If Arun had snap-kicked Romulus in the nuts, it wouldn’t have produced such a pained expression on Romulus’s face. What was wrong with the man? Was he seriously jealous of Arun’s fling with Janna? That had been… what, twenty years ago?
“She’s fine, sir,” said Romulus, his hurt buried beneath a fixed expression, a technique in which Arun suspected Romulus was expert. “It is difficult not serving alongside her.”
“Do you want a transfer? Is that what this visit has been about?”
“No, sir.” Romulus sounded genuinely offended. “I’m too good a fighter pilot.”
“You worry about Janna, don’t you?”
“All the time.”
Arun could understand the younger man’s concern and frustration.
“It’s okay,” Arun said. “Look.”
He thought an instruction at Barney, his AI who spent most of his time these days beneath a flap of false skin under Arun’s right ear, connected to his brain.
The images within the three picture frames on the bulkhead changed. The left one now showed Arun as he had been at seventeen; just a kid with big ideas. With him was Osman, one of the two jokers in Blue Squad, now long-dead. Next was Xin Lee at eighteen, ripe with youth in the last moments before the Civil War changed everything. Last was Colonel Lee as she was now, in her early thirties; still the most beautiful woman in the fleet, still with that self-assured swagger, but the look in her eyes had altered forever. Xin had seen too much, that radiant confidence hardened into wariness. And yet the protective hand over the half-formed life in her belly showed she still hadn’t given up hope for a better future.
Arun bit his lip, resisting the temptation to set one of the images to look upon Springer before the war. The fifty-year old version of Deputy Ambassador Tremayne was waiting for him on Deck Eleven.
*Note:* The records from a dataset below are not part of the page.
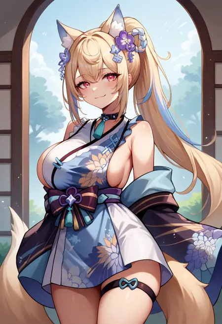 FuwawaNewYears, long hair, ponytail, streaked hair, kouhaku nawa hair bow, hair flower, spiked choker, neck tassel, tail, blue kimono, floral print, short kimono, sleeveless, single detached sleeve, blue sash, thigh strap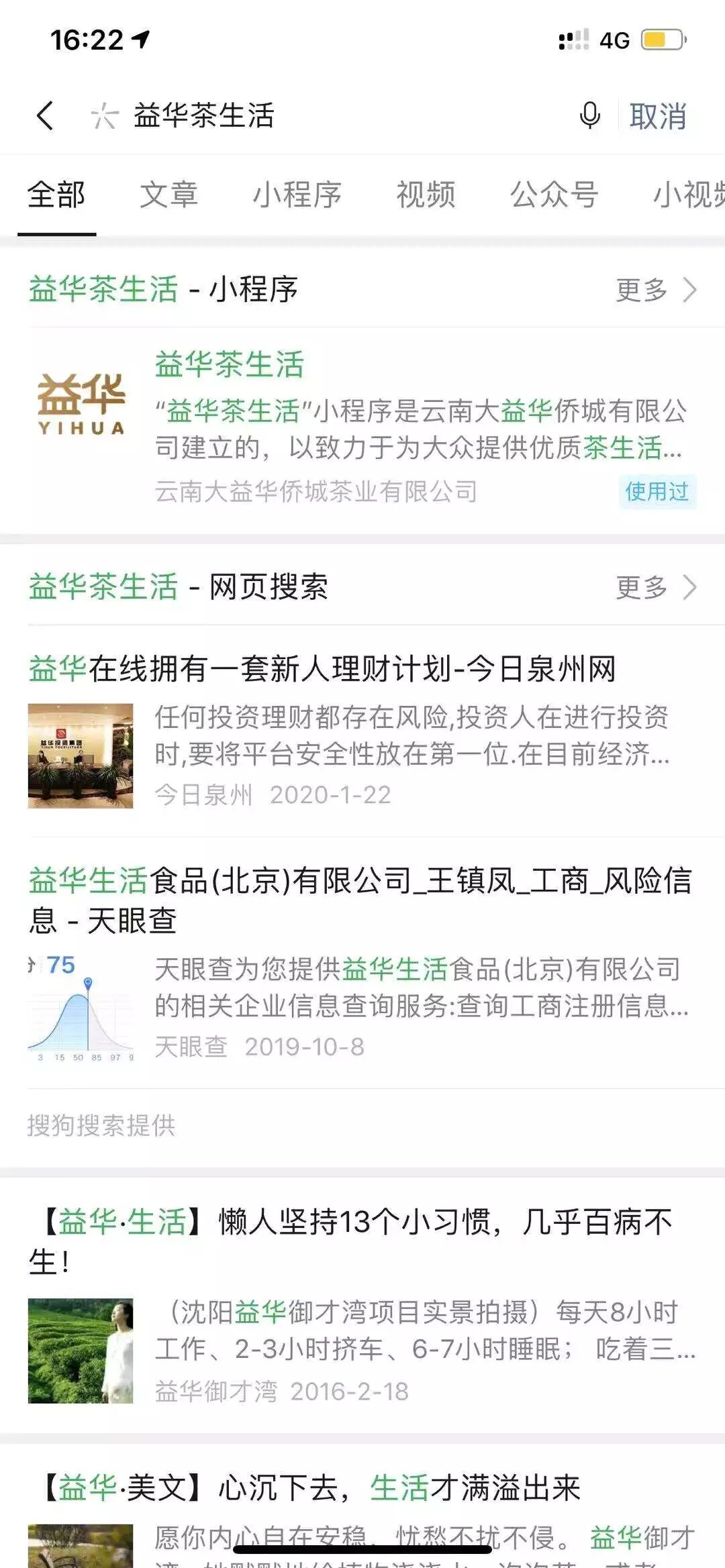 请问怎么能都被搜到啊 我们小程序名字叫 益华茶生活 appid:wx2934e372ede12f5e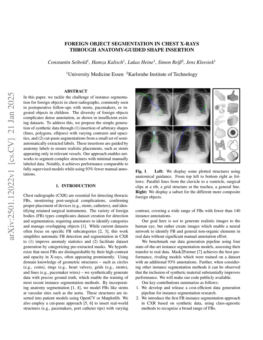 Foreign object segmentation in chest x-rays through anatomy-guided shape insertion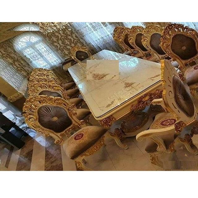 โต๊ะและเก้าอี้รับประทานอาหารพระราชวังแบบดั้งเดิม เฟอร์นิเจอร์รับประทานอาหารโปแลนด์สีทองหรูหรา เฟอร์นิเจอร์ห้องรับประทานอาหารแกะสลักหนัก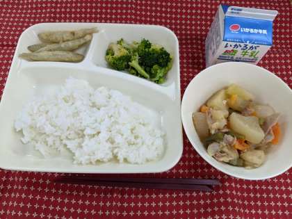2月24日(水)のこんだては「きびなごてんぷら、一口がんもとじゃがいもの煮もの、ブロッコリーのごまあえ、ごはん、牛乳」です。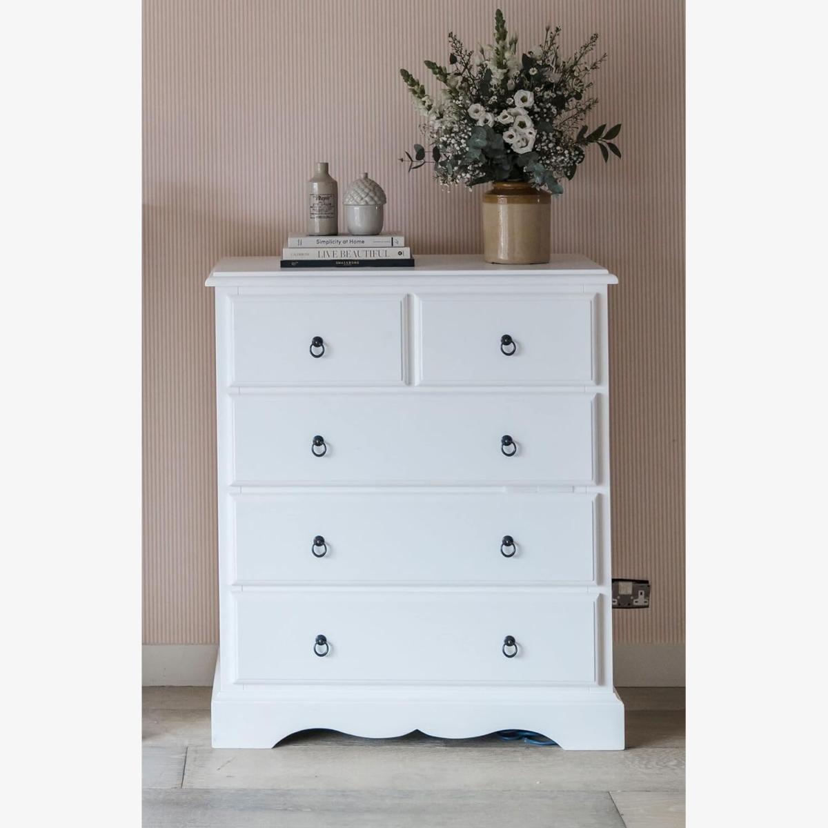 This elegant 2 over 3 large chest of drawers will beautifully furnish any bedroom. Available in a crisp True White or Antique White finish, it has a classic French country style that never goes out of fashion. Deep drawers provide plenty of storage space for folded clothes and linens. Choose between understated metal loop handles or glamorous diamond shaped crystal handles to add the perfect finishing touch. Solidly constructed from durable wood, this fully assembled chest of drawers arrives ready for use requiring no assembly. Its spacious yet tidy design allows you to stay organized while admiring its timeless appeal. Either colour option is sure to complement a variety of decor styles for years to come.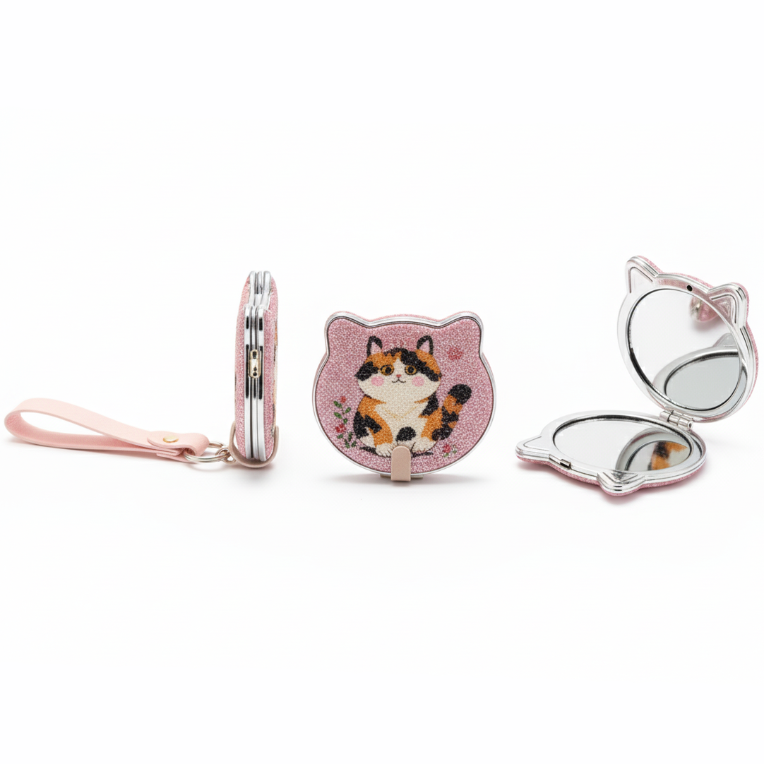 Add a touch of sparkle to your everyday essentials with the Bling Kitty Pocket Size Mirror. Stylish, compact, and oh-so-cute, this mirror is designed to slip effortlessly into your purse, handbag, or even your pocket. With its adorable kitty design and dazzling bling finish, it’s both functional and fashionable — perfect for quick touch-ups anytime, anywhere!

“Why are you showing me these?” asked Romulus.
Arun had almost forgotten the boy was here. This was why he tried not to dwell on his past: it threatened to trap him. He told B
arney to replace the images. This time they showed the most recent images Barney could find of Janna and Remus, and an image of Zug from his cadet days, with his arm around Arun.
“They’re our past and our future,” Arun said. “This is what we fight for.”
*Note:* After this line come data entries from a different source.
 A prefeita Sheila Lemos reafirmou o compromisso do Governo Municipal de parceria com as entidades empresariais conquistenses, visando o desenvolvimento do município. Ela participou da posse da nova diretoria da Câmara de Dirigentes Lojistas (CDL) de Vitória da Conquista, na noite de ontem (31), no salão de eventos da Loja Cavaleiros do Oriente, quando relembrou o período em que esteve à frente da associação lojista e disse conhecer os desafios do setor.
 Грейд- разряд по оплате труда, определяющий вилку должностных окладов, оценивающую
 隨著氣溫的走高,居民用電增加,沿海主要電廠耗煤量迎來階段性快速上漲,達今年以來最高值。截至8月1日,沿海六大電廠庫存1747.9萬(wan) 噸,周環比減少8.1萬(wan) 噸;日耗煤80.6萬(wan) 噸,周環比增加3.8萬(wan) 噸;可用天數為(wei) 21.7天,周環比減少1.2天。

Barney swapped the images again without Arun’s instruction. They showed Jana, Xin, and Remus.
“Do you think they worry about us half as much as we fret over them?” Arun asked.
Romulus smiled. “Of course they do, sir. The only difference is that they’re too tough to let us see it.”
It’s so easy to be certain about people when you’re young. “Perhaps.”
Arun plastered a smile of his own over his unsettled feelings, slapped the younger man on the back and then ushered him out. He really did have to get to Deck Eleven. He waited, watching until his visitor had disappeared around the turn in the passageway.
There was something odd about Romulus that he hadn’t figured out yet. He shook his head. Maybe he’d look into the boy, but only after the battle. There were far more important things to occupy his mind right now.
— Chapter 09 —
Tallerman-3 was a jungle world. Its native, monkey-like inhabitants had long ago fought out a working relationship with a Trog expedition that had established a colony there at a time when on Earth Homo sapiens was still sharing their world with rival hominid species. The Emperor might not have been feigning his ignorance of Tallerman-3 because the Imperial interest was in its neighbor, Tallerman-4. A desolate, airless world, life on Tallerman-4 was one of pressure seals, underground tunnels, and the constant battle to create and distribute air and water. Arun had lived on such worlds, where the recycling and air scrubbing wasn’t as sophisticated as on a starship. They stank of mold and rot. The surface was frigid, but sealed away underground the constant engineering challenge was how to safely bleed the heat away. The result was you breathed hot air made humid by the sweat of millions.